═════ Material to process

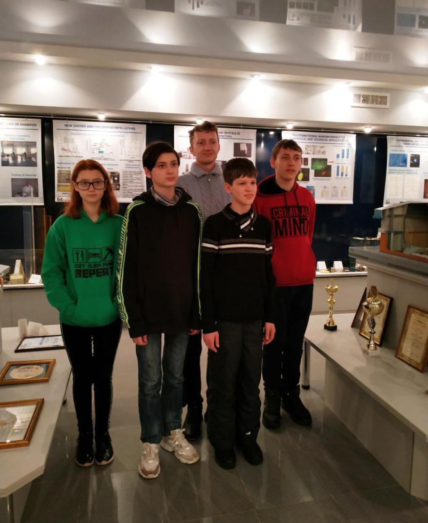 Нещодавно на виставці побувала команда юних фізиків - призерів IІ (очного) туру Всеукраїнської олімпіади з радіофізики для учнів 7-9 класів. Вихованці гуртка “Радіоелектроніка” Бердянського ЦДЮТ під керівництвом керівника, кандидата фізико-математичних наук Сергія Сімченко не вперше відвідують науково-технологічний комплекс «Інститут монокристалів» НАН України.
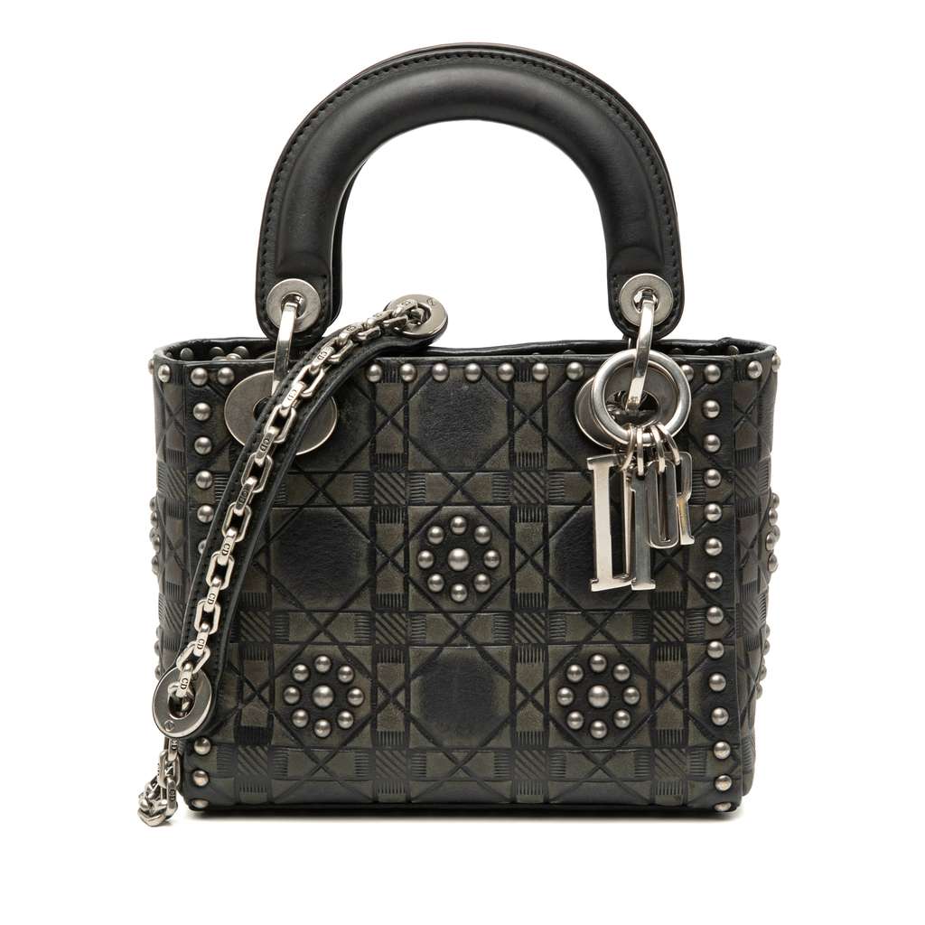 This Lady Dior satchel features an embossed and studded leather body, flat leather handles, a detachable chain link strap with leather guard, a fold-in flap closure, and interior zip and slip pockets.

══════════
═════ Material to process

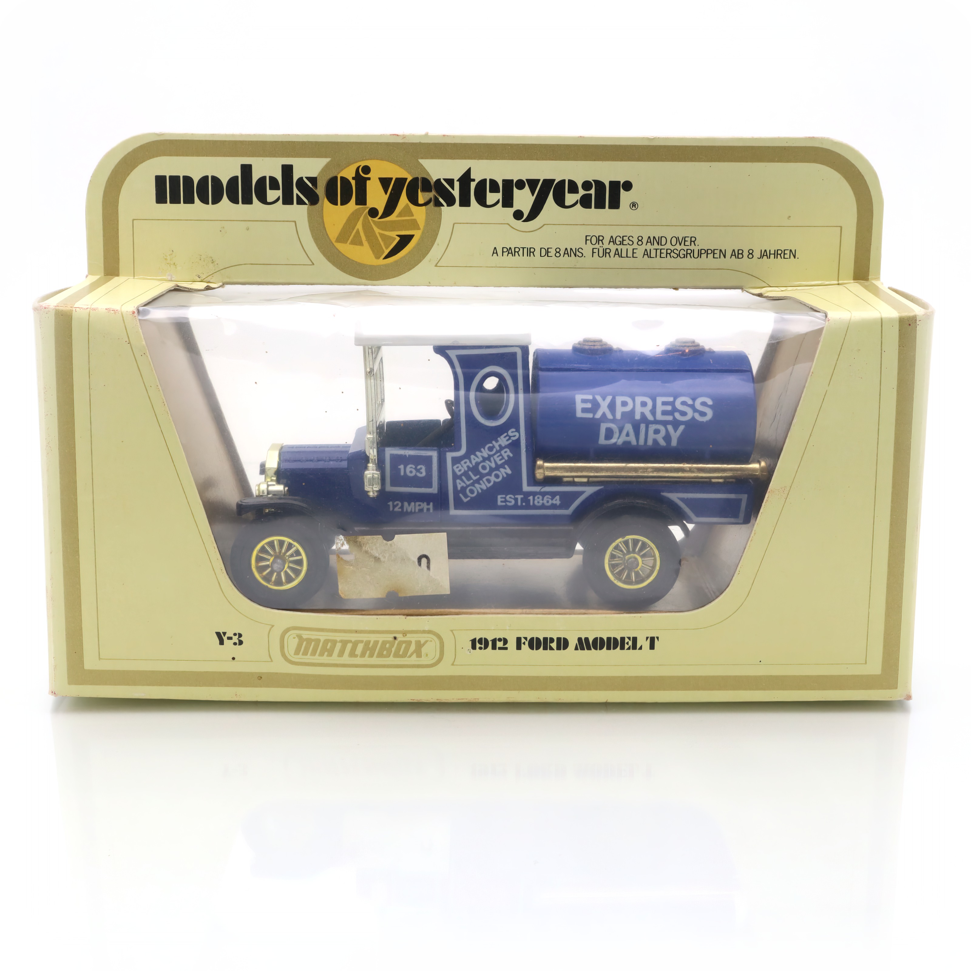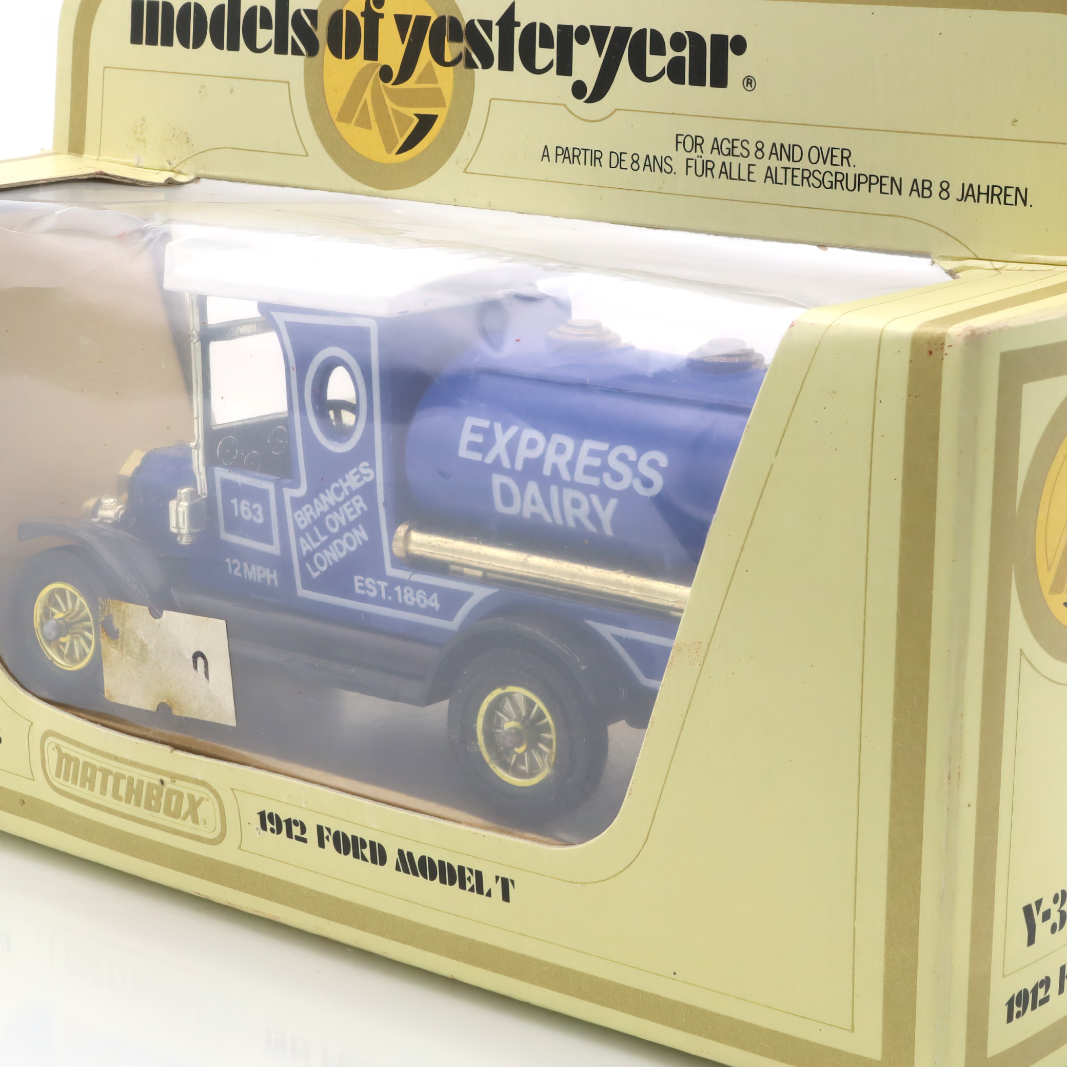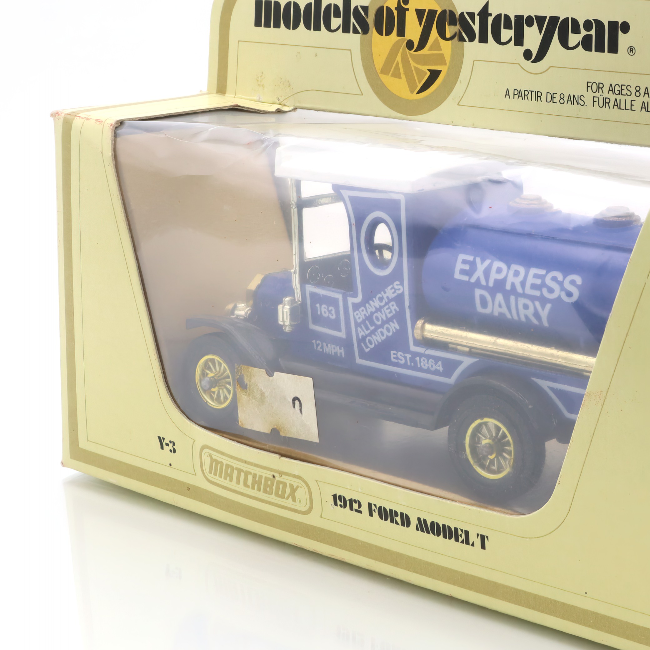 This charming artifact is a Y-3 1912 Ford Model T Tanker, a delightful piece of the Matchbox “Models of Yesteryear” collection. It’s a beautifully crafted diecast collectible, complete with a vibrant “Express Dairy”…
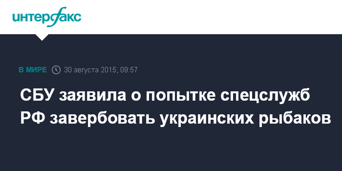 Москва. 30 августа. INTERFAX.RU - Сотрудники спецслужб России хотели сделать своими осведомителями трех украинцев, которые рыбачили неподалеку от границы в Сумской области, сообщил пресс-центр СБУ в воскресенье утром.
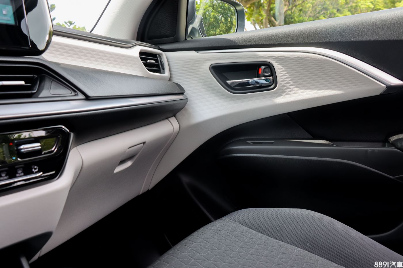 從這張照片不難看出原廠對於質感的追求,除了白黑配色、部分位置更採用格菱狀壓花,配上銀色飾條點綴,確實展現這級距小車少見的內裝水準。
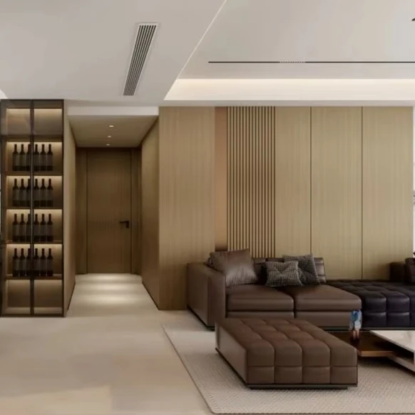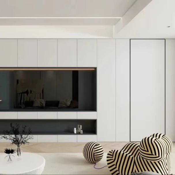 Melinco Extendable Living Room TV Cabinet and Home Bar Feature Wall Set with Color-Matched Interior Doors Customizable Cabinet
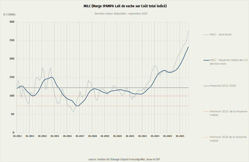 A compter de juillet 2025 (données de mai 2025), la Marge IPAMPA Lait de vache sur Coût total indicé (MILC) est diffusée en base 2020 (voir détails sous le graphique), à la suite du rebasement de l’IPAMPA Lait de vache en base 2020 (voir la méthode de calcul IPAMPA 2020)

══════════
═════ Material to process

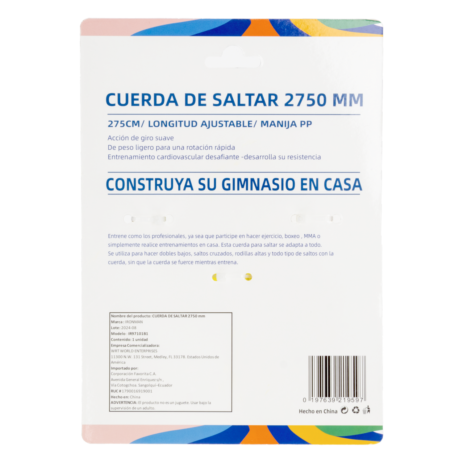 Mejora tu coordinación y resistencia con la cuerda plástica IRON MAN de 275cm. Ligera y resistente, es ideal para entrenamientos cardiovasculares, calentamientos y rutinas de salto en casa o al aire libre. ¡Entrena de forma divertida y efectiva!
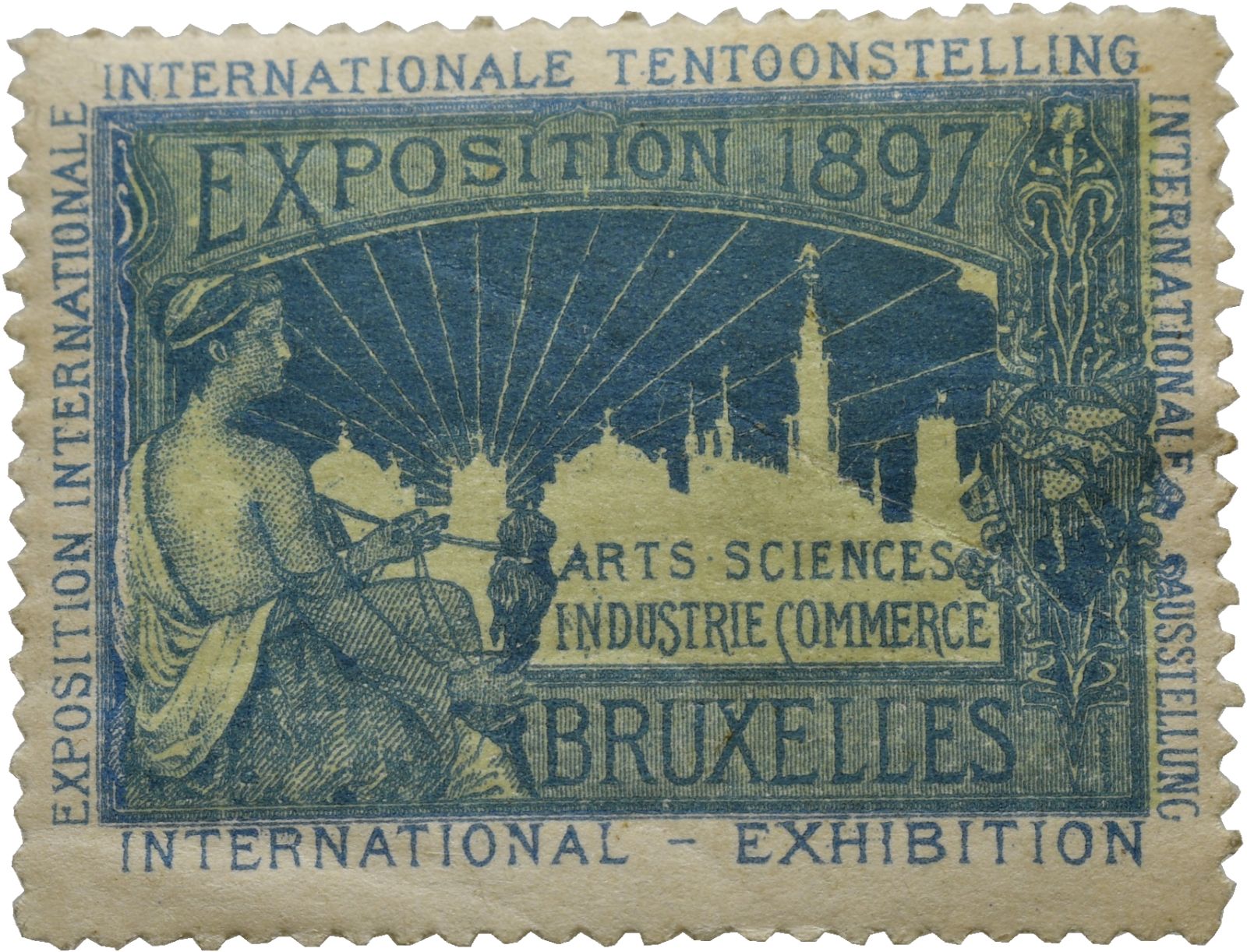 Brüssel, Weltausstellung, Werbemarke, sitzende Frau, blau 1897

══════════

▸ **Work request**
Within the listing above, write out the stretch from the line with "Нещодавно на виставці" through the line with "This Lady Dior" exactly. Any pictures are to be left out.

▸ **Result of the exercise**
 Нещодавно на виставці побувала команда юних фізиків - призерів IІ (очного) туру Всеукраїнської олімпіади з радіофізики для учнів 7-9 класів. Вихованці гуртка “Радіоелектроніка” Бердянського ЦДЮТ під керівництвом керівника, кандидата фізико-математичних наук Сергія Сімченко не вперше відвідують науково-технологічний комплекс «Інститут монокристалів» НАН України.
 This Lady Dior satchel features an embossed and studded leather body, flat leather handles, a detachable chain link strap with leather guard, a fold-in flap closure, and interior zip and slip pockets.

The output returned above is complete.